84. A participant in a managed investment scheme, referred to below as 'the person' or 'the person to whom the offer is made', will satisfy the 'product value test' where:

the minimum amount payable for the interests in the project on acceptance of the offer by the person to whom the offer is made is at least $500,000; or
the amount payable for the interests in the project on acceptance by the person to whom the offer is made and the amounts previously paid by the person for interests in the project of the same class that are held by the person add up to at least $500,000.

85. A participant in a managed investment scheme, referred to below as 'the person' or 'the person to whom the offer is made', will satisfy the 'individual wealth test' where, it appears from a certificate given by a qualified accountant no more than 6 months before the offer is made, that the person to whom the offer is made.

has net assets of at least $2.5 million; or
has a gross income for each of the last 2 financial years of at least $250,000 a year.

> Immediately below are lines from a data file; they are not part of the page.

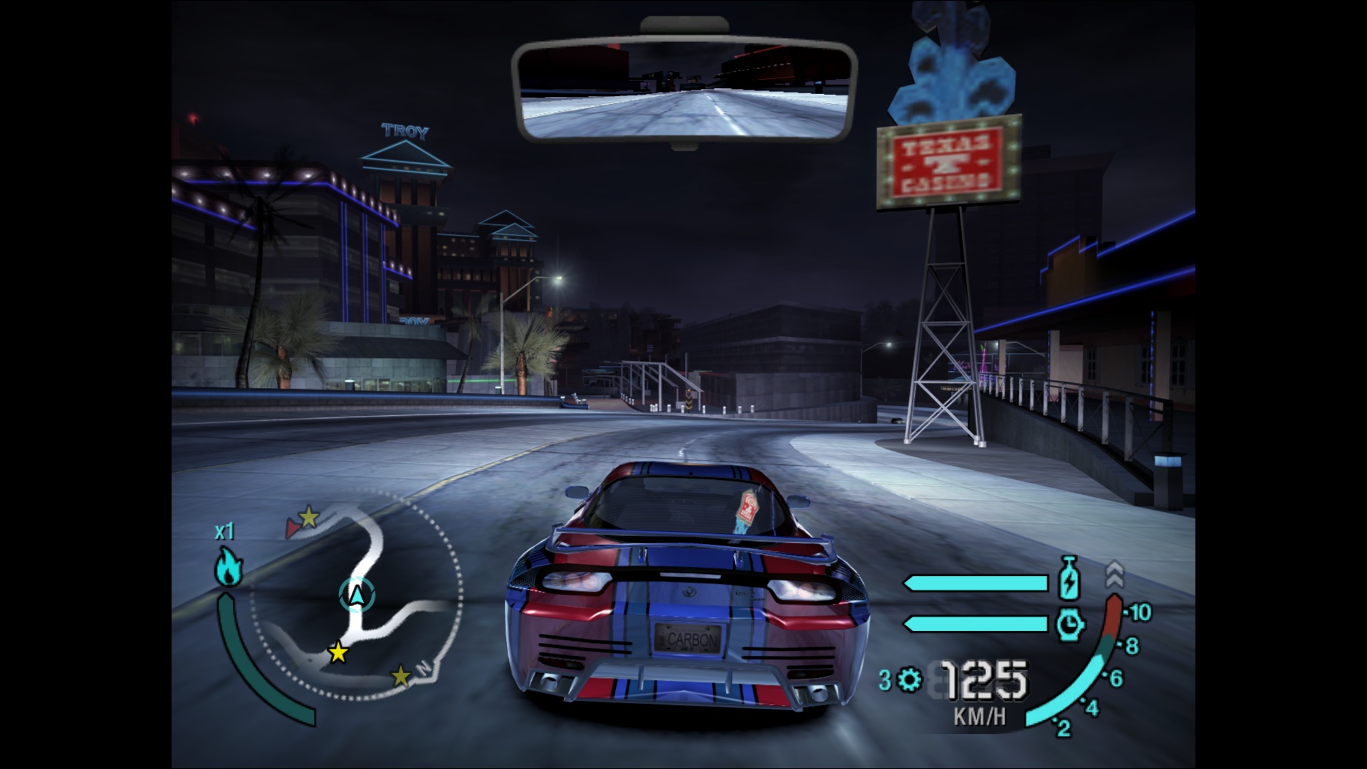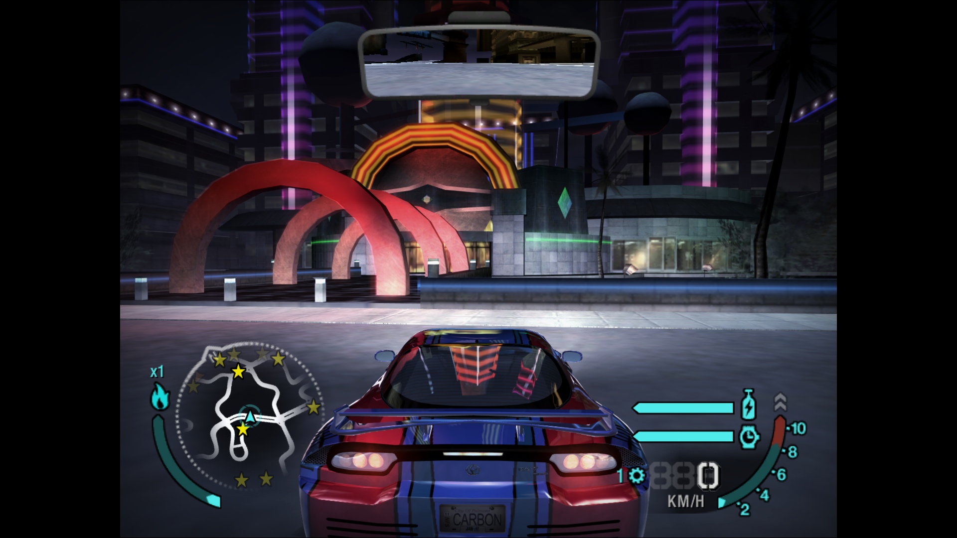 Cependant, la carrière bien moins marquante que celle de Most Wanted, le monde ouvert moins vaste malgré la présence de courses dans les canyons, le système de coéquipier qui peut sembler parfois accessoire, sans compter l’intelligence artificielle assez limitée de notre partenaire en course, la durée de vie artificiellement gonflée avec le fait de devoir rejouer certaines épreuves quand nos territoires sont attaqués, et un équilibrage imparfait avec des épreuves accessibles qui côtoient des poursuites toujours aussi difficiles, frustrantes et injustes, les policiers semblant se téléporter sur la position du joueur lorsque nous sommes sur le point de les semer, sont de véritables accrocs qui rendent l’expérience assez imparfaite. Ajoutons à cela qu’il s’agit du quatrième titre consécutif utilisant la formule des courses de rues dans une ville fantasmée des États-Unis, et force est de constater que le principe commence à s’essouffler, les nouveautés ayant un peu de mal à justifier une nouvelle itération reposant encore sur le même topo. Si Need for Speed Carbon est globalement réussi et reste très amusant à jouer, il possède tout de même des défauts plus ou moins agaçants, et est en quelque sorte l’ultime forme d’une formule qui semble avoir atteint ses limites.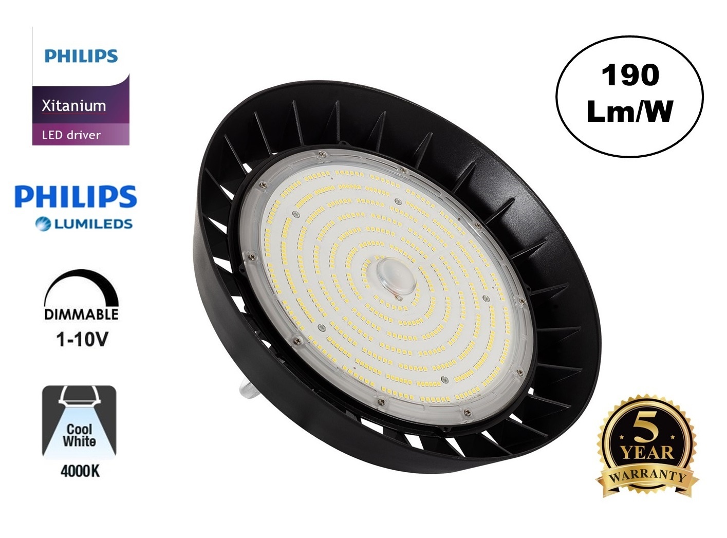 De Philips 2835 SMD LumiLEDS met zeer hoge 190 Lumen per watt verhouding, met in totaal 28500 lumen, zorgt ervoor dat er niet wordt ingeleverd op de huidige belichting. De LED Ufo High Bay 150w evenaart minimaal de belichting van een huidige 400w kwikdamplamp, maar door de hoge Lumen uitstoot en direct belichting naar beneden zal de lichtopbrengst zelf hoger zijn dan die van een 400w kwikdamplamp. Zo kan de besparing tot wel 60% oplopen zonder in te leveren op belichting.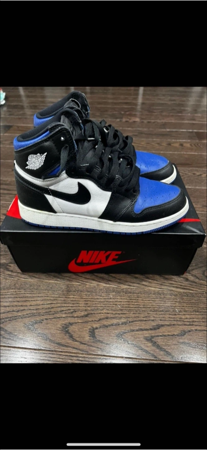 18Selling a pair of Nike Air Jordan 1 Retro High sneakers in size 6 Youth. They come with the original box! The shoes feature a blue, black, and white colourway, great for adding a pop of colour to any outfit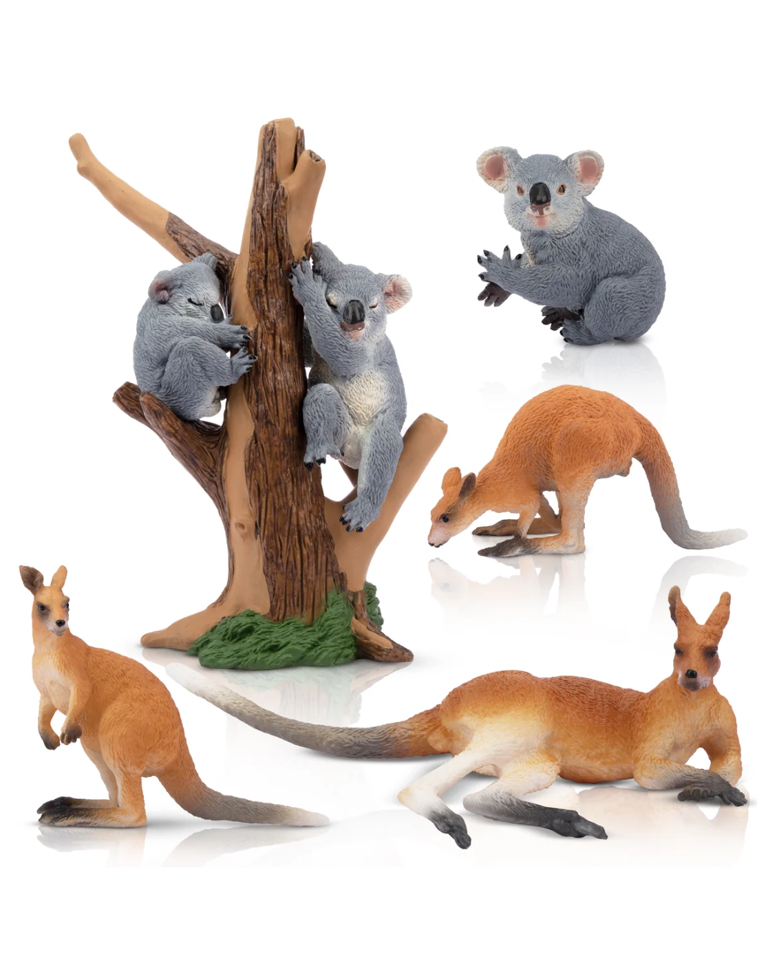 La figurine de koala mâle endormi de ToyMany (Phascolarctos cinereus) permet de découvrir les Animaux d’Australie. Espèce : marsupial. Habitat : forêts d’eucalyptus. Ce jouet réaliste est une figurine à collectionner.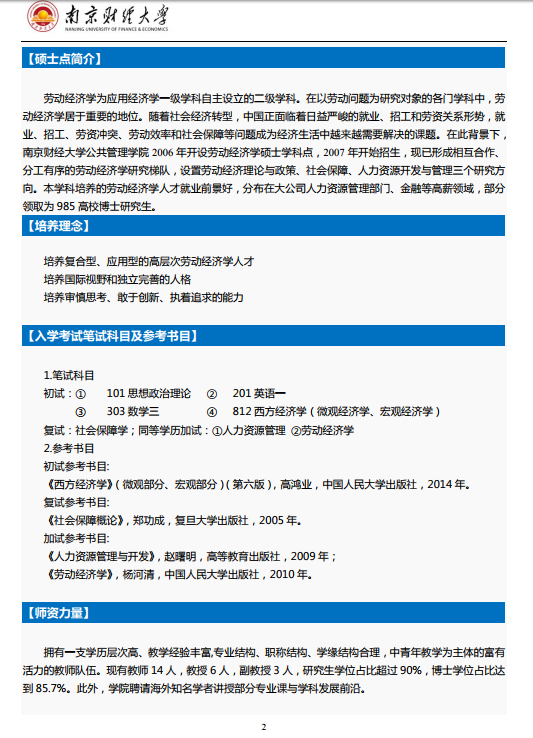 2018年南京財經大學勞動經濟學碩士研究生招生簡章

86. A participant in a managed investment scheme, referred to below as 'the person' or 'the person to whom the offer is made', will satisfy the 'professional investor test' where:

the person is a financial services licensee; or
the person controls at least $10 million for the purposes of investment in securities.

87. Alternatively, under section 1012E of the Corporations Act 2001, a Grower may participate in the project by accepting a 'personal offer' for an interest in the project. Offers made under section 1012E cannot be accepted by more than 20 investors in any 12 month period and these investors, in aggregate, must not invest more than $2 million dollars (subsection 1012E(2)).

88. An offer will be a 'personal offer' where it can only be accepted by the person to whom it is made, and it is made to a person who is likely to be interested in the offer because of previous contact, or professional or other connection with the person making the offer, or because they have indicated that they are interested in offers of that kind (subsection 1012E(5) of the Corporations Act 2001).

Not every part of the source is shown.